Thenceforth the Duke’s interest was looked after by his son, the Earl of Hertford, who occupied the castle. For the 1722 Parliament Lord Hertford was himself returned, with Gabriel Roberts, but elected to sit for Northumberland, leaving the vacancy to be filled by Thomas Gibson, Walpole’s man of business. Gibson shared the representation with the Bruces till 1734, when Lord Hertford put up two London business men strongly supported by Walpole, who were defeated by Bruce candidates. While a petition against the return was pending, Hertford wrote to Walpole:

I don’t doubt but by your help to carry my petition for my two Members, and then to secure the corporation for ever, so therefore to shew the town that my interest is not so despicable I must desire that the two companies [of troops] now at Hungerford may be sent hither, which will be no burthen for we have above forty public houses and it will be of great use to my interest, the keeping up of which is a great expense to me but I will keep it as long as I have any money, but this trifle I now ask must be granted me, for if I am not supported I must give it up, and also the few honest men we have amongst us and this I am sure you will not let me do.3

The petition sought to disqualify eleven of the Bruce voters. This depended on the validity of the election of one of the common council, named Bell, which had been confirmed by legal proceedings in the King’s bench. Edward Harley, a Tory, describes the proceedings on the petition.

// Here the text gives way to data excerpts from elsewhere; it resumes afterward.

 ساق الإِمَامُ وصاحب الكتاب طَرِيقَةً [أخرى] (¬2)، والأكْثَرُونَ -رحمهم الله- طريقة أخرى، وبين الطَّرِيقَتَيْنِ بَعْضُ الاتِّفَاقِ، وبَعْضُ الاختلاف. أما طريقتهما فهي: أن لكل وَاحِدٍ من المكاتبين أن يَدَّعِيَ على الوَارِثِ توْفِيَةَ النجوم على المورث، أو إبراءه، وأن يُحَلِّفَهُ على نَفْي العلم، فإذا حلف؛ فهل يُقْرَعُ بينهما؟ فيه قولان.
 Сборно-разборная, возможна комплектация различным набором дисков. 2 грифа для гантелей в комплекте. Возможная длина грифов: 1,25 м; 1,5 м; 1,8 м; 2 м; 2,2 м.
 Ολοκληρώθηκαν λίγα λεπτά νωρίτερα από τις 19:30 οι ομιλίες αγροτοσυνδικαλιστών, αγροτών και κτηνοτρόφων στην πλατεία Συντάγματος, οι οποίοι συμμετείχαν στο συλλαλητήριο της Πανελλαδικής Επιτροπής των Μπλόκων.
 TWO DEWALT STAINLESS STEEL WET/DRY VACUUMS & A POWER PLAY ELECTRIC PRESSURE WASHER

The counsel for the sitting Members objected that such evidence should not be given at the bar of the House, where the witnesses are not examined upon oath, and when Bell’s election was confirmed by a verdict in the King’s bench by 12 men upon oath and by witnesses proving the same upon oath.

The House decided by 176 votes to 172 that this evidence should be heard.

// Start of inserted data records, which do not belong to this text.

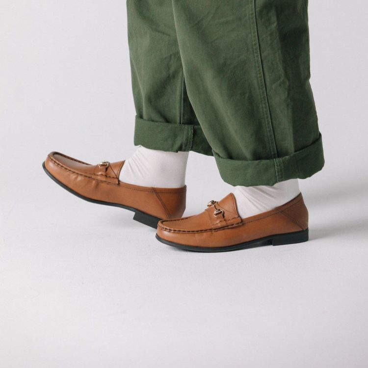 WASHオリジナルの人気ローファー。大人のカジュアルスタイルをセンス良く日本人デザイナーによる職人技のこだわりがつまったブランド「whoop-de-doo」とWASHとのコラボシリーズ。メンズドレスシューズが得意な「whoop'-de-doo'」ならではの味と雰囲気漂うデザインが楽しめる1足。ゴールドのビットが素敵なアクセントになっています。かかと部分に芯が入っていないので柔らかく、かかとを踏んで履いていただけます。人気のトレンドアイテムとして持っておくと便利な1足です。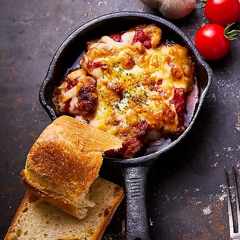 ガーリックベーコンポテトのチーズ焼き/エビのクリームアヒージョ+216円(税込)炭焼きチキンのHOTトマトアヒージョ(1辛)+216円(税込)/カルボナーラピザ+648円(税込)/マルゲリータ+648円(税込)/たらもピザ+540円(税込)/※ピザは2名様向けと3名様向けが同じ量になりますのでご了承ください。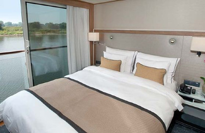 阳台套房配有酒店式样的床,开阔的走廊环绕在起居室周围。从天花板到地板的落地窗让您在房间就能享受绝佳的观景体验。私人浴室配有淋浴器和高档的洗浴用品。每间舱房都配有电话,冰箱,保险箱,吹风机,瓶装水,独立温控系统,床下存放行李箱的储存空间,带有木制衣架的大衣橱,和存有海量娱乐节目的26寸索尼平板电视。浴袍和拖鞋任您使用。
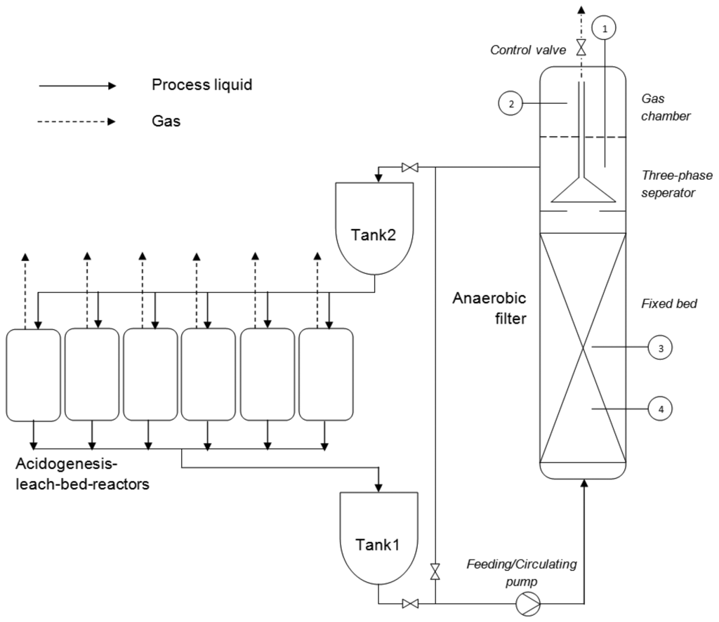 Both the anaerobic filter and the leach-bed reactors had gas outlets that were connected to gasbags for gas quality and gas quantity measurement. In order to provide good contact between the microbes and the substrate, the process liquid in each reactor was internally recycled five minutes every ten minutes at a flow rate of 0.6 L·min−1.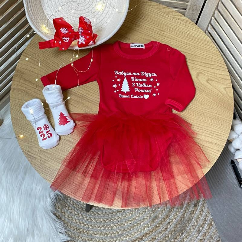 Святкова боді-сукня для дівчинки з милим написом для "Привітання з Новим роком" — ідеальний вибір для вашої маленької принцеси! Цей стильний та зручний одяг створений спеціально для новорічних свят, аби привітати ваши рідних та близьких.
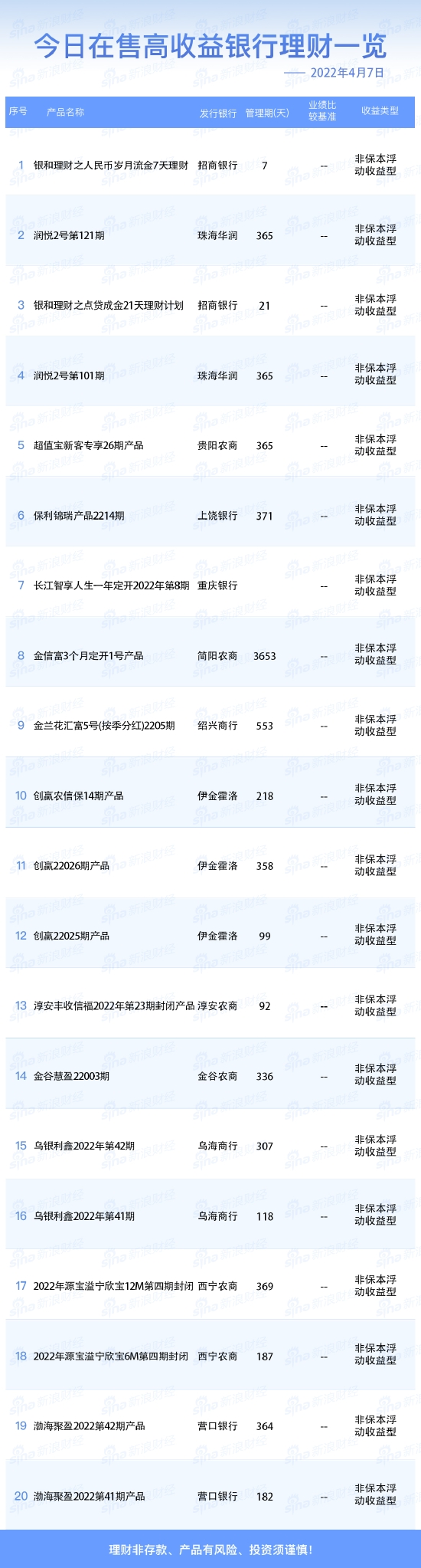 新浪财经4月7日在售高收益银行理财产品一览。理财非存款、产品有风险、投资须谨慎!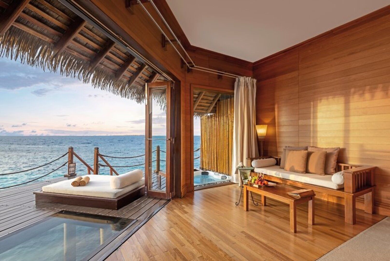 81-90 qm, Villa, in einer Doppelhaushälfte, Wasserbungalow (auf Stelzen über der Lagune), kombinierter Wohn-/Schlafraum, Dusche, WC, Bademantel, Haartrockner, Holzboden, Klimaanlage, Minibar, Auffüllung täglich, Softdrinks, Mineralwasser, Bier, Säfte, Safe, TV, Bluetooth-Lautsprecher, WLAN, Wasserkocher, Espressomaschine, Kaffee/Tee, Terrasse (möbliert), direkter Meerzugang, Whirlpool

The next day witnesses were examined who confirmed Bell’s election to have been good. Sir R. Walpole in a long speech laboured to show the contrary and to work up his creatures to a division, but the master of the rolls, Sir Joseph Jekyll, had spoke so very strong on the other side and showed the injustice of setting Bell’s election aside, and the bad consequences of hearing evidence at the bar contrary to a verdict, that Sir Robert, finding he could not spirit up his tools, gave up the question. And it was resolved that Bell was duly elected a common council man without any division. The sitting Members were afterwards voted duly elected. This was a great blow upon the Court, and especially on Lord Hertford’s interest in this borough. For this verdict being confirmed and the 11 burgesses established, Lord Bruce has obtained the borough.4

So it proved, for in 1741 and 1747 Bruce candidates, including the Tory Jacobite leader, Sir John Hynde Cotton, were unopposed. According to a state of the borough supplied to Pelham in 1753 most of the corporation were Bruce nominees.

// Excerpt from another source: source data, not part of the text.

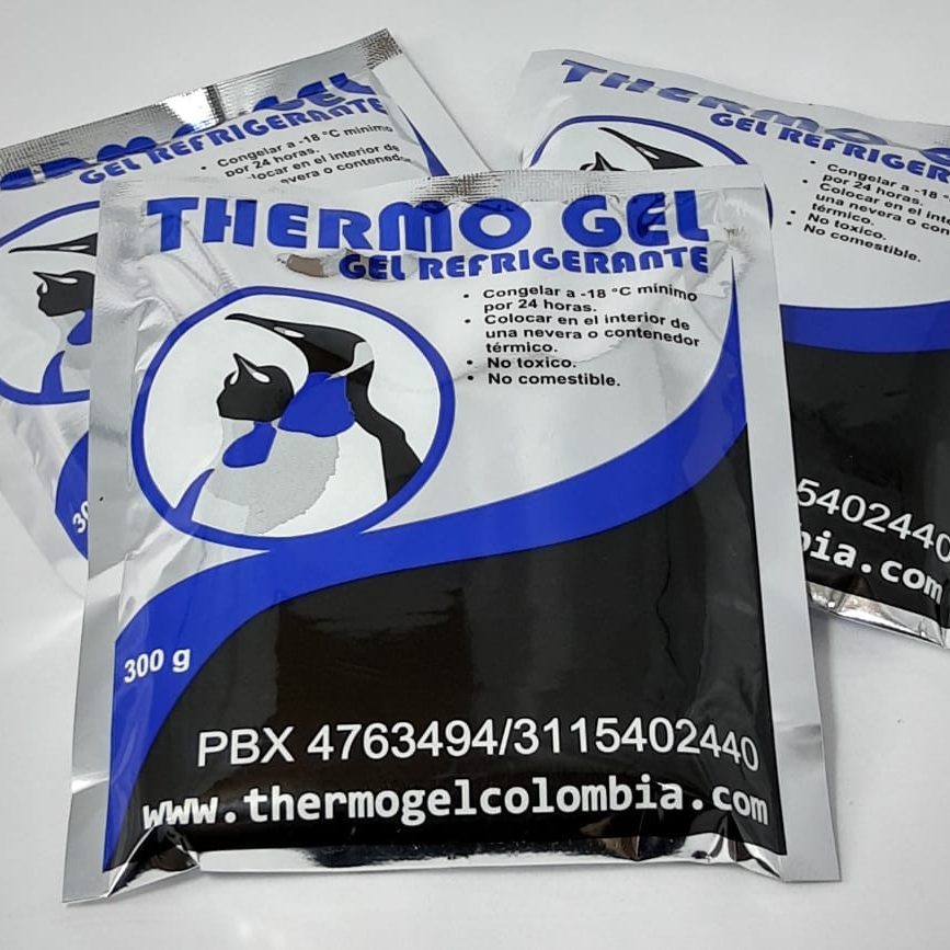 Es un producto tipo gel, envasado en bolsa de polietileno y aluminio con propiedades refrigerantes, re-usable, sintético, no tóxico, económico, usado en la industria farmacéutica, médica, alimenticia, así como en el hogar, para conservar y trasportar en cadena de frío, cualquier producto que necesite refrigeración. Dura varias horas, dependiendo del ambiente, es más eficaz que el hielo.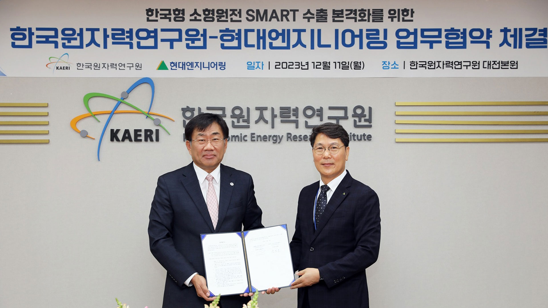 이날 대전광역시 유성구 한국원자력연구원 본원에서 진행된 체결식에는 홍현성 현대엔지니어링 대표이사와 주한규 한국원자력연구원장 등 관계자가 참석해 향후 사업 진행방향 등에 관한 논의 후 업무 협약을 맺었다.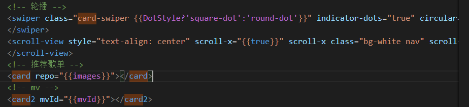 - 推荐歌单那一块是自己写了个组件叫card,在调用card组件的页面给card传了个images的数组取名为repo,这样card组件上就能用这个数组了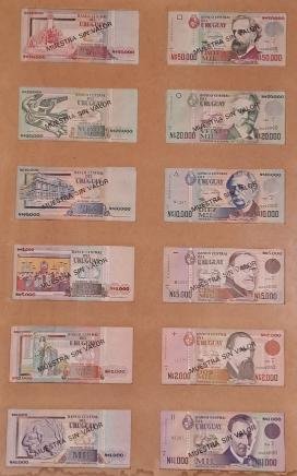 Uruguay 12 billetes. Serie completa de los 6 billetes uruguayos emitidos en 1989 serie A Especimen, de nuevos pesos 1.000 2.000 5.000 10.000 20.000 50.000; encuadrados con vista de ambas caras. Colección Ex presidente del BCU Cr. Ricardo Pascale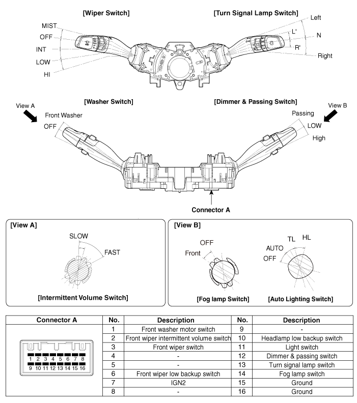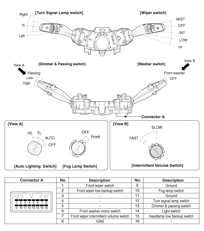 Проверьте целостность цепи между клеммами в каждом положении переключателя, как указано ниже. показано ниже.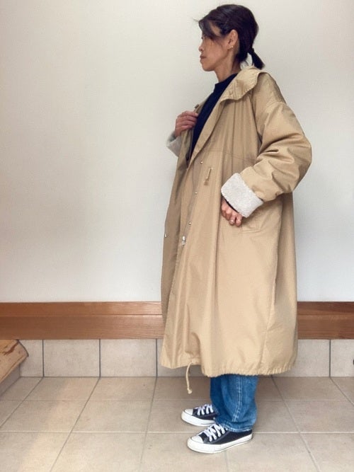 インナー次第でオールシーズン着回せるベージュのロングコートは、2021年40代のミニマリストさんならぜひチェックしておくべきレディースアイテムのひとつ。冬らしく寒い日には、暖かな黒スウェット&ゆるデニムをコーデして、暖かさとおしゃれ感をを重視した、ミニマリストさん向けの服装にまとめましょう。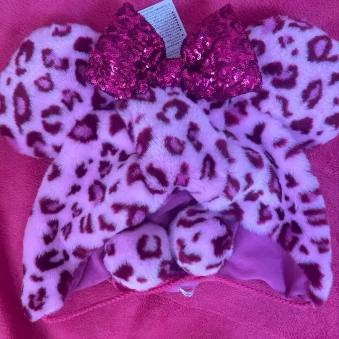 [택 포함 미사용 새상품] 미니 핑크 레오파드 무늬 팬캡 디즈니

They have hitherto received a command on all necessary actions, have submitted, and found themselves £50 per man the richer for it, which failed, however, of giving them the same satisfaction that it might have afforded, if there had been any kind of civility or solicitation mixed with the order, which was generally too peremptory.5

Author: R. S. Lea

Notes

  • 1. 'Marlborough, state of the borough', Philip fletcher to Lord ?, 25 Apr. 1753, Newcastle (Clumber) mss.
  • 2. Waylen, Hist. Marlborough, 352-7; HMC 15th Rep. VII, 216, 220-1, 224-5; CJ, xviii. 35-36, 547.
  • 3. Marlborough, 9 June 1734, Cholmondeley (Houghton) mss.
  • 4. Harley Diary, 28 Mar. 1735.
  • 5. ‘Marlborough, state of the borough’.